* Work request *
Nothing but the lines from the first line of the material below through the line that holds "昌吉市首例野生动物致害政府救" should be set down, exactly and with pictures left out.

* Source information *
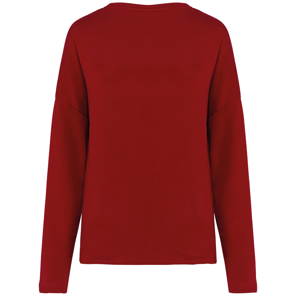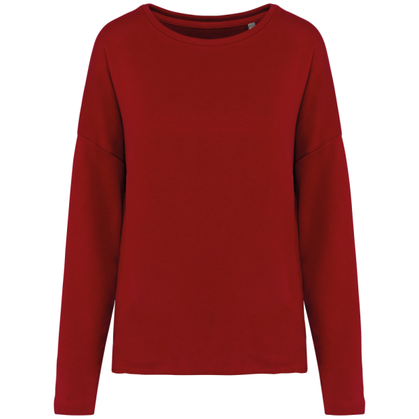 91% katoen / 9% polyester (Light Grey Heather: 87% katoen / 9% polyester / 4% viscose). Fleece “French Terry”. Voelt heel zacht aan. Casual, losse snit met brede halsopening. Nektape met visgraatmotief. Onafgewerkte boorden onderaan. Dubbel stiksel aan de mouwuiteinden.
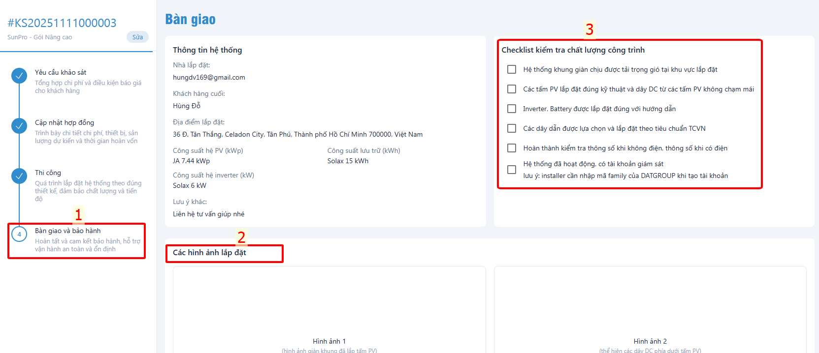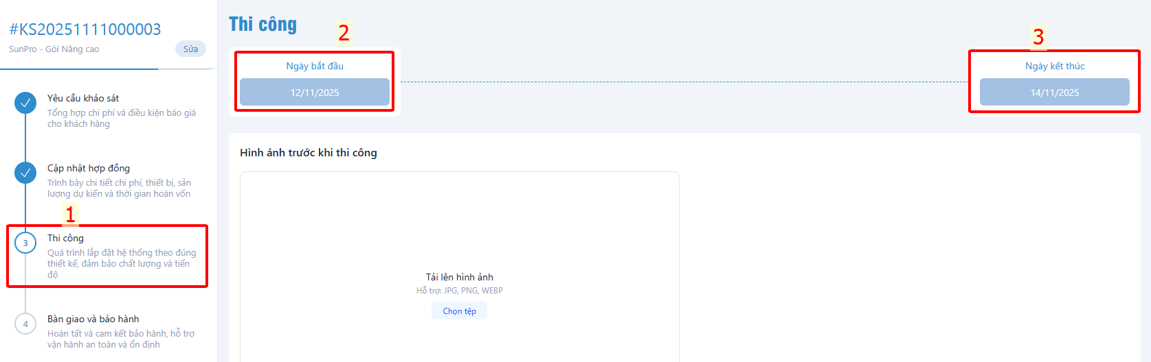 - Upload các hình ảnh sau thi công
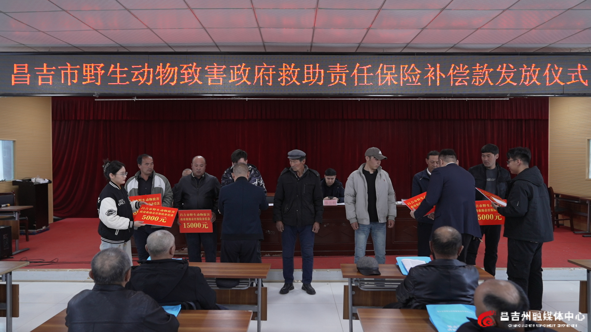 昌吉市首例野生动物致害政府救助责任保险补偿款发放仪式上,工作人员为受损7户牧民集中发放赔付金4.5万元,把惠民措施落到实处。记者常建洋 摄
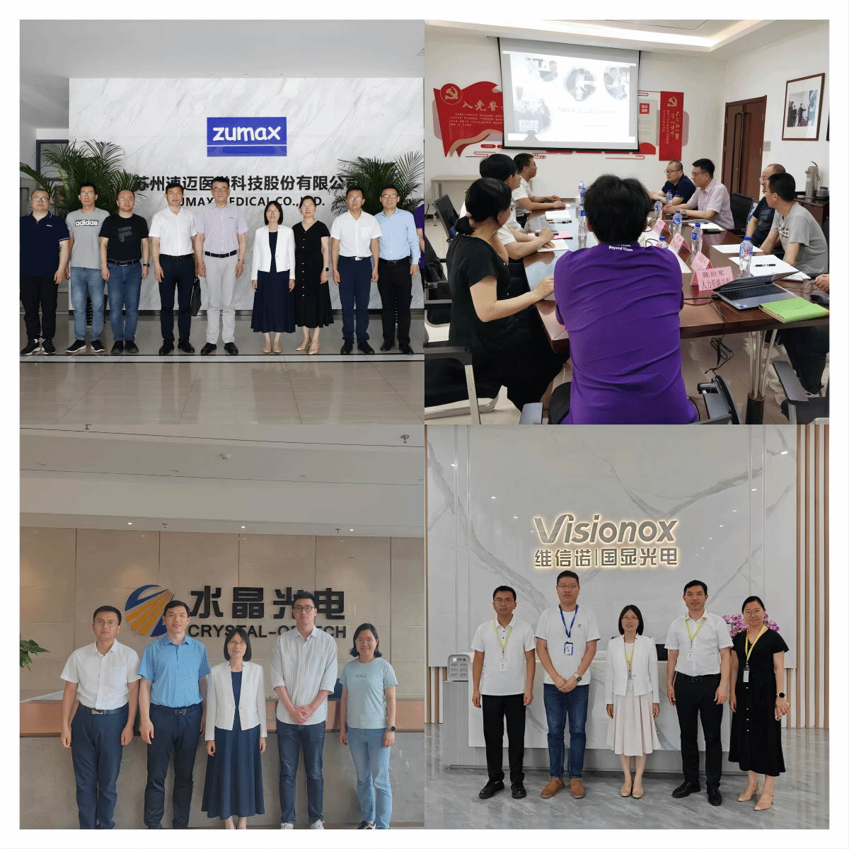 陳源梅一行先后走訪了浙江水晶光電科技股份有限公司、蘇州速邁醫(yī)學(xué)科技股份有限公司、昆山國顯光電有限公司、昆山龍騰光電股份有限公司。走訪中,院企雙方進(jìn)行了深度座談交流,聽取各家企業(yè)對(duì)學(xué)院人才培養(yǎng)、專業(yè)建設(shè)方面的意見和建議,了解企業(yè)用人需求,邀請(qǐng)企業(yè)更多參與到教學(xué)科研、產(chǎn)教融合、人才培養(yǎng)等過程中,共同推進(jìn)院企合作共贏,并就近期招聘事宜達(dá)成合作意向。調(diào)研過程中,陳源梅一行還參觀了企業(yè)展廳和生產(chǎn)車間,深入了解企業(yè)的發(fā)展進(jìn)程,并看望了在企工作的部分校友,詳細(xì)了解校友的發(fā)展情況,希望校友繼續(xù)關(guān)心助推學(xué)院發(fā)展。
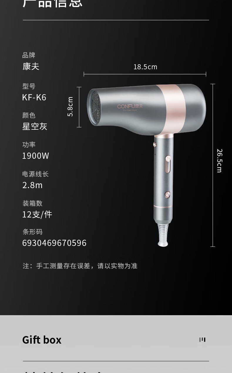 康夫 大功率恒温护发吹风筒KF-K6
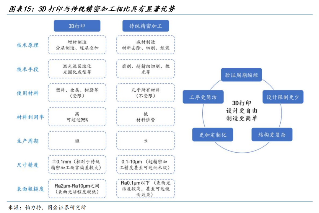 3D打印在可加工材料、加工精度、表面粗糙度等方面与传统精密加工还存在差距,但与此同时也具有不可替代的巨大优势:
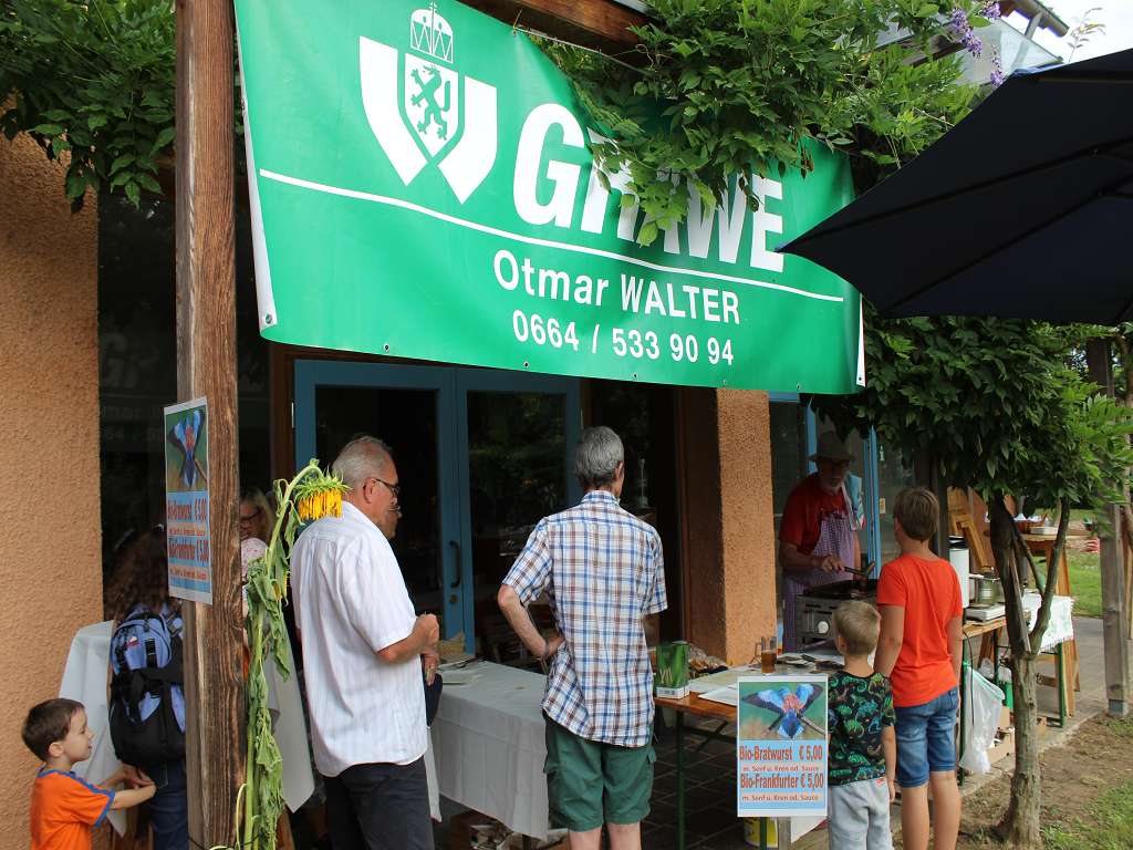 Über 40 Ehrenamtliche arbeiten beim Blaurackenfest, denn es gibt viel zu tun. Schon am frühen Morgen sorgten unsere internationalen Jugendlichen vom Grenzenlos-Projekt für die Dekoration des Festes mit Sonnenblumen. Die Stände mit den Biowürstel vom Bauernhof Krenn in Pretal, mit dem regionalen Bier von Georg Pock aus Pichla bei Brunnsee, mit dem PiWi-Weinen vom Kobatl aus Pichla bei Tieschen oder dem Aronja-Kracherln vom Herbert Gartner aus Paurach bei Feldbach und natürlich die Säfte, Moste und Schnäpse des Blaurackenvereines wurden von Beginn des Festes an belagert. In der Stainzer Stube gabs noch ein Buffet für den ganz großen Hunger und Kaffee.
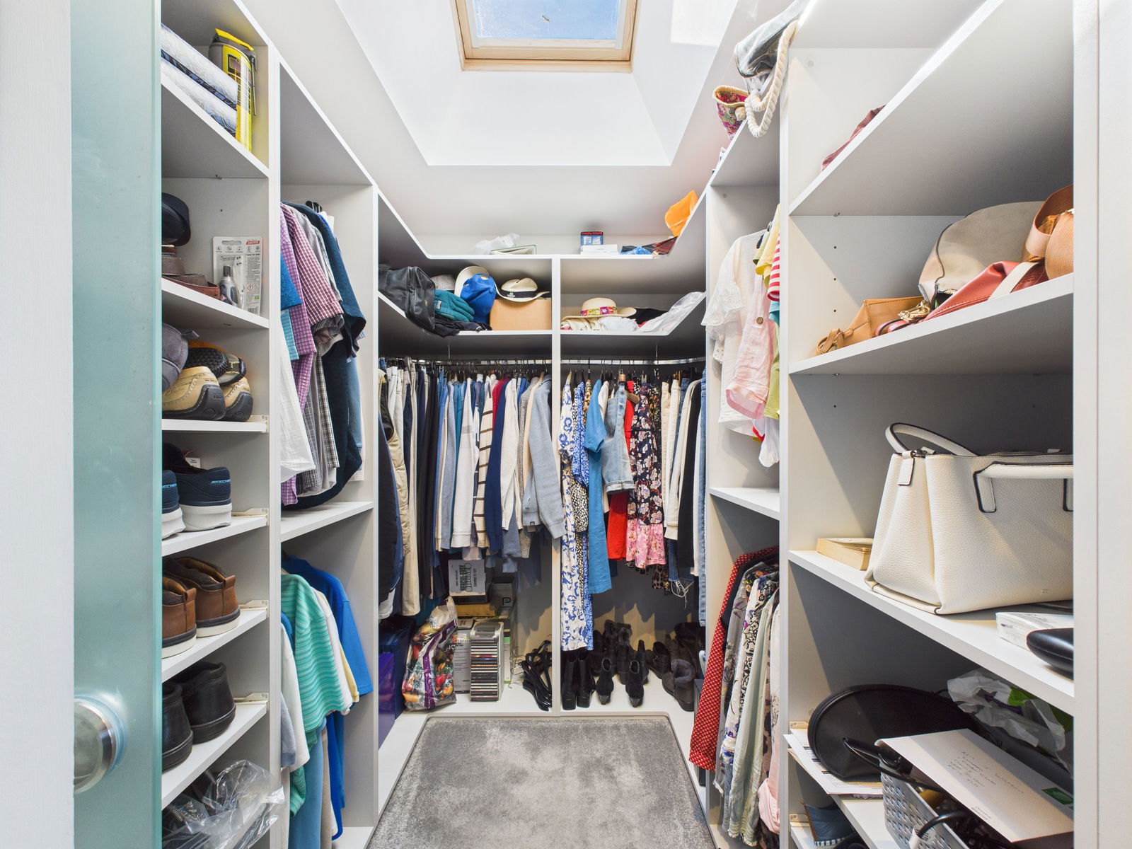 BEDROOM ONE A luxurious and spacious master bedroom overlooking the manicured rear garden. Offers ample space for freestanding furniture, a large uPVC double glazed window, and a gas central heated radiator. A contemporary sliding frosted glass door reveals a walk in wardrobe fully fitted with shelves, drawers, and hanging space, complete with a skylight for natural light.
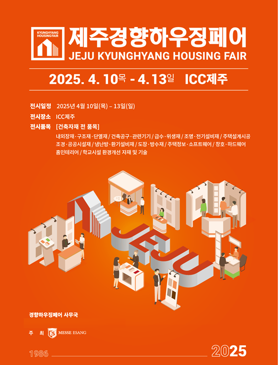 [메가경제=양대선 기자] 제주 유일 건축·인테리어 박람회 ‘2025 제주경향하우징페어’가 오는 4월 10일부터 13일까지 4일간 제주국제컨벤션센터(ICC JEJU)에서 개최된다. 이번 박람회는 제주 지역의 건축·인테리어 산업에 특화된 제품과 기술을 한자리에서 만나볼 수 있는 기회로 업계 종사자는 물론 건축·인테리어 수요자들에게 실용적인 솔루션을 제공할 예정이다.
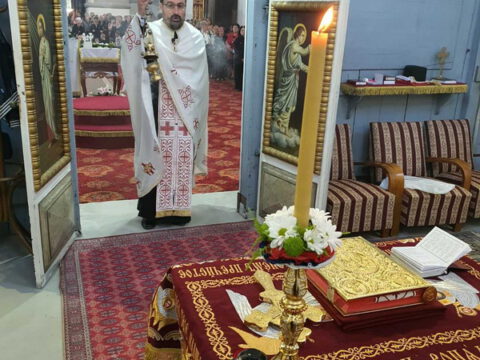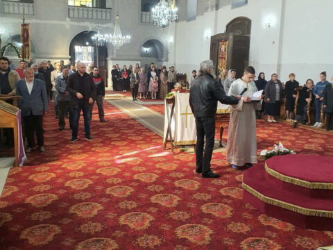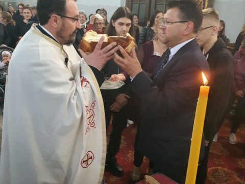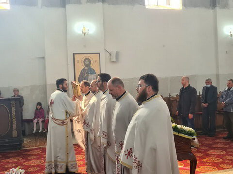 Славски колач је пререзан након вечерње службе, коју је служио протојереј Стевица Илић, уз саслужење протојереја Далибора Купусовића, протонамесника Бранислава Спасојева и презвитера Петра Николића.
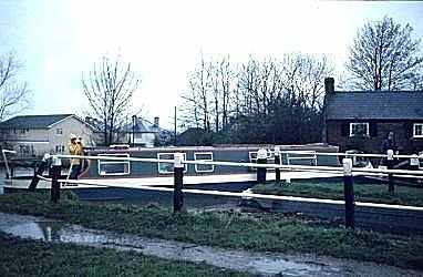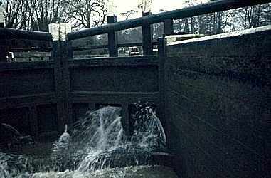 ![]() River Wey Navigation. New Haw Lock, before the surviving turf side was filled in. |
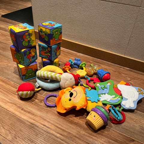 Erilaisia vauvan leluja. Yhdellä lapsilla on ollut. Kaukosäädin kuin uusi, toimiva, ääntä tulee ihan normaalisti.
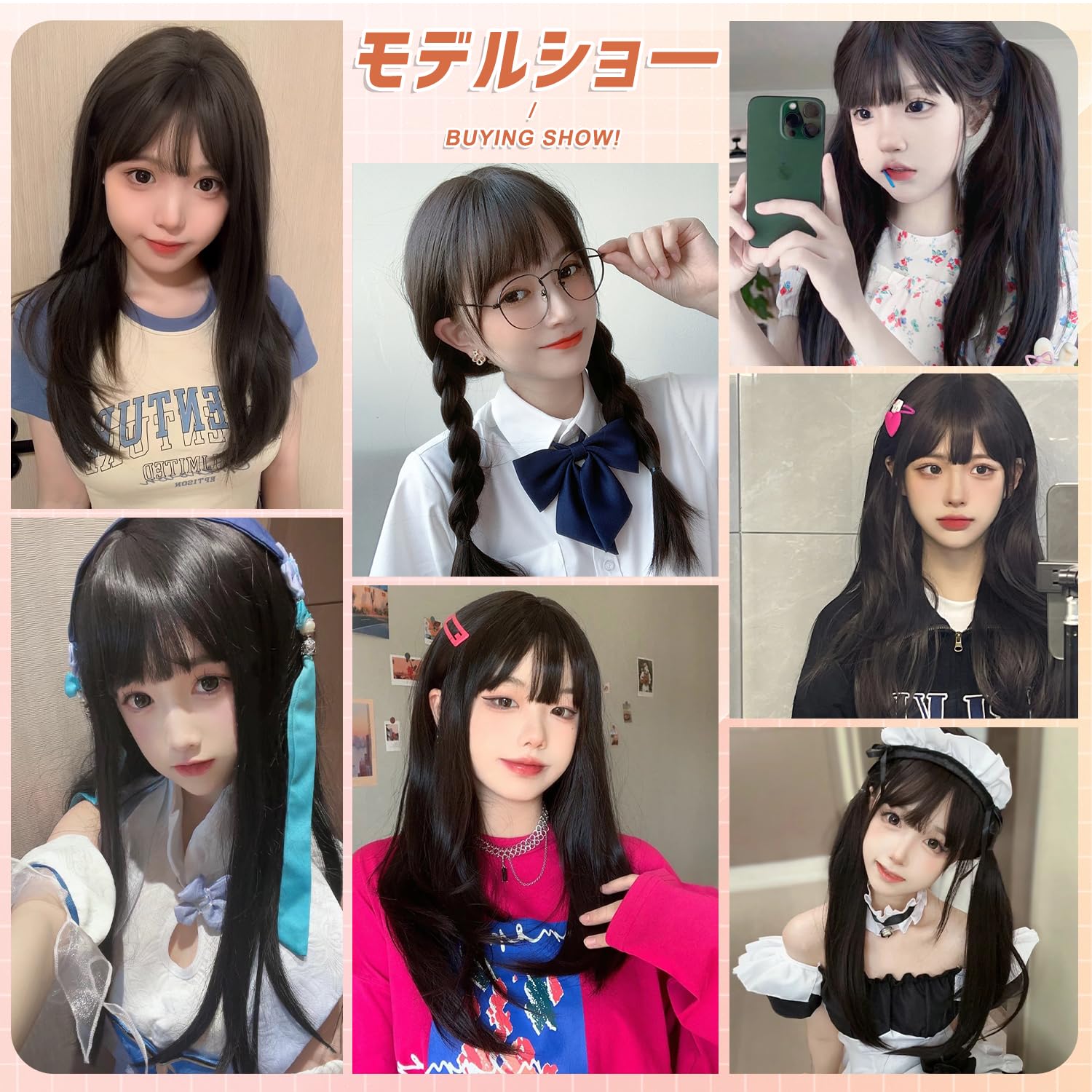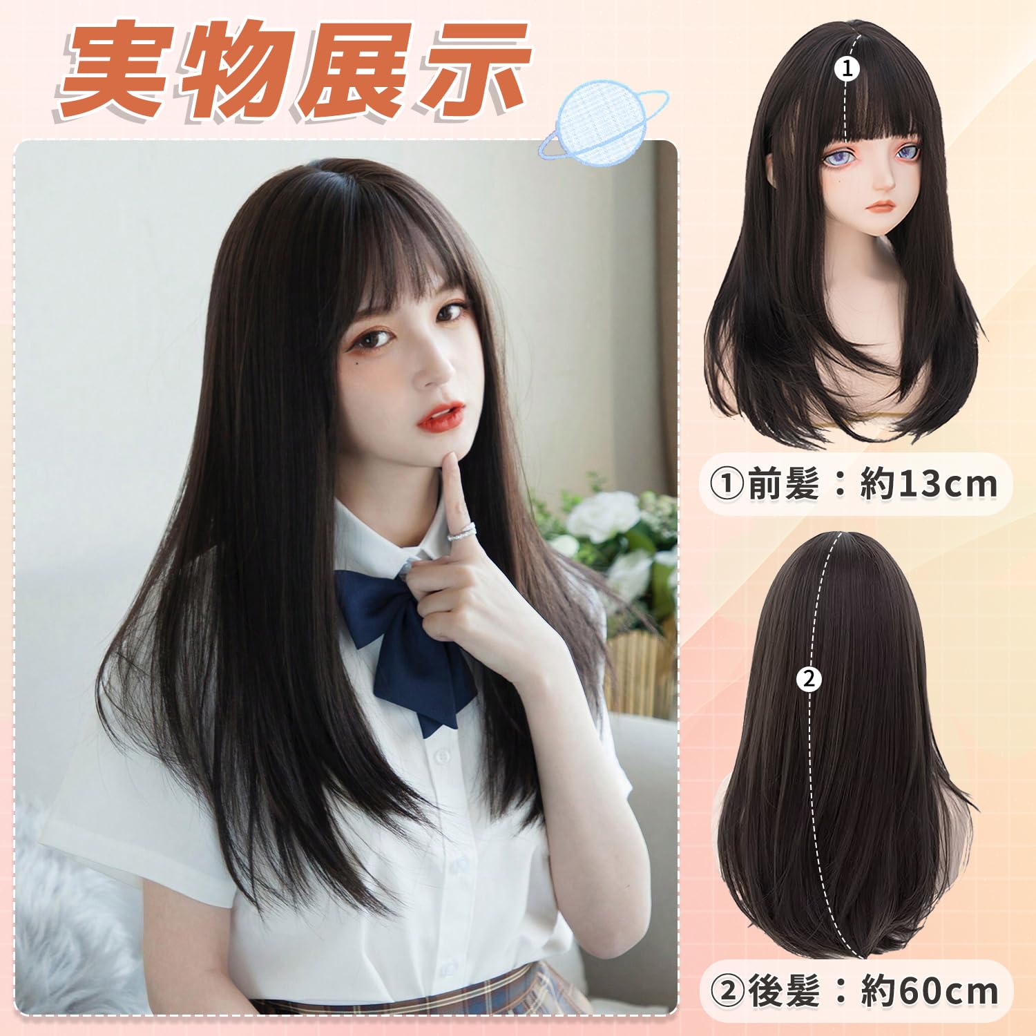 【誰もが憧れる黒髪】みんなが可愛くなれる憧れの黒髪ウィッグ♪黒に近い髪色で透明感のあるヘアカラー!高品質な耐熱フアイバ一を使用してるからよりリアルな質感で自然に地毛と馴染みやすいです。近くで見ても自然な色合いで質感も良いです。
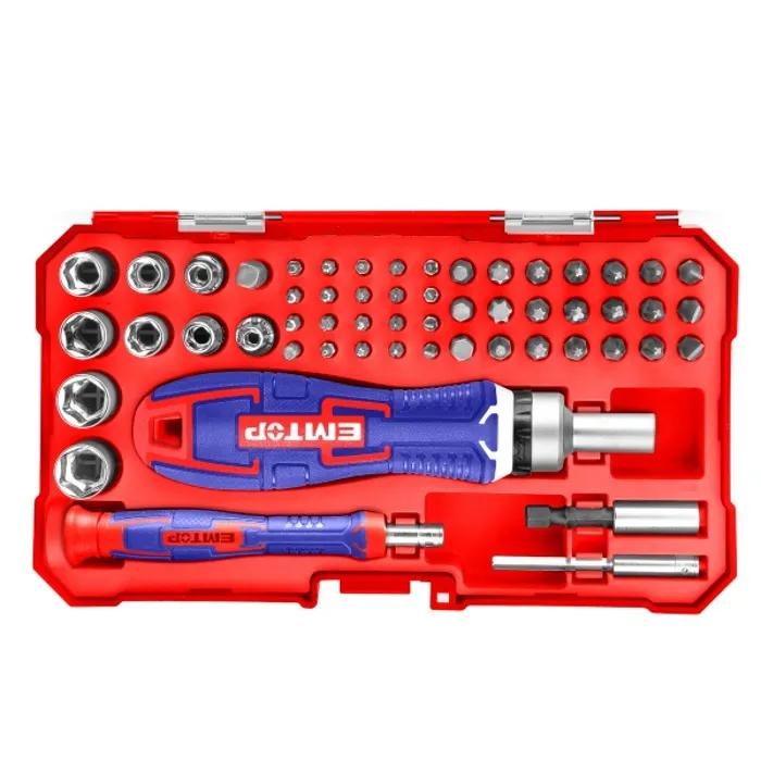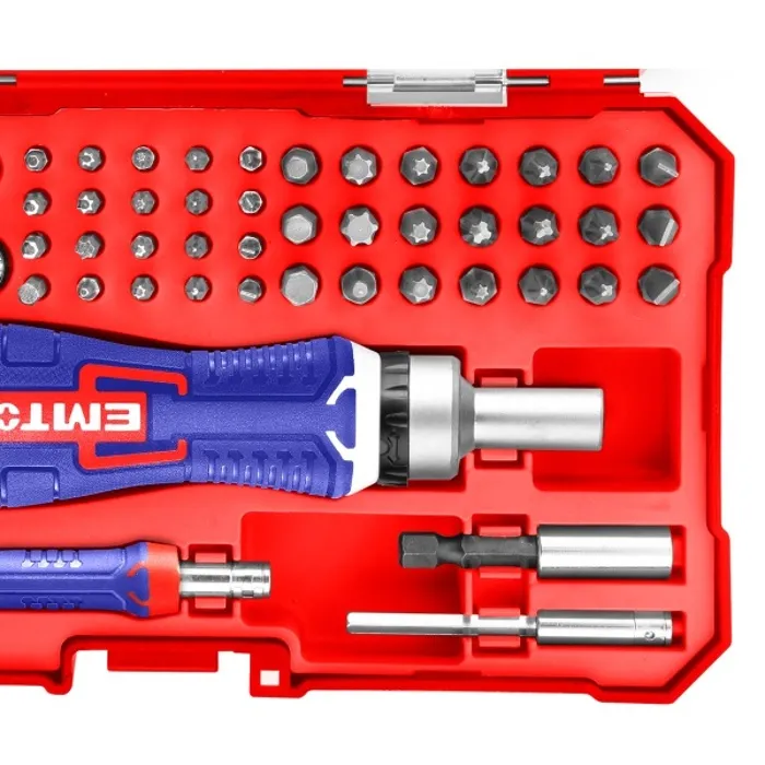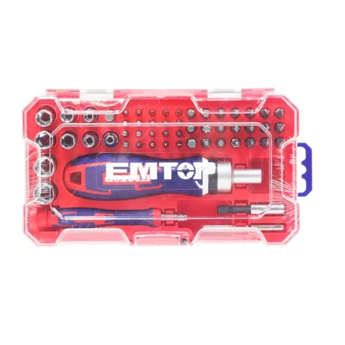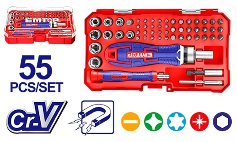 Emtop Sada bitů a hlavic s ráčnovým šroubovákem 55 ks

* Completed task *
 91% katoen / 9% polyester (Light Grey Heather: 87% katoen / 9% polyester / 4% viscose). Fleece “French Terry”. Voelt heel zacht aan. Casual, losse snit met brede halsopening. Nektape met visgraatmotief. Onafgewerkte boorden onderaan. Dubbel stiksel aan de mouwuiteinden.
 - Upload các hình ảnh sau thi công
 昌吉市首例野生动物致害政府救助责任保险补偿款发放仪式上,工作人员为受损7户牧民集中发放赔付金4.5万元,把惠民措施落到实处。记者常建洋 摄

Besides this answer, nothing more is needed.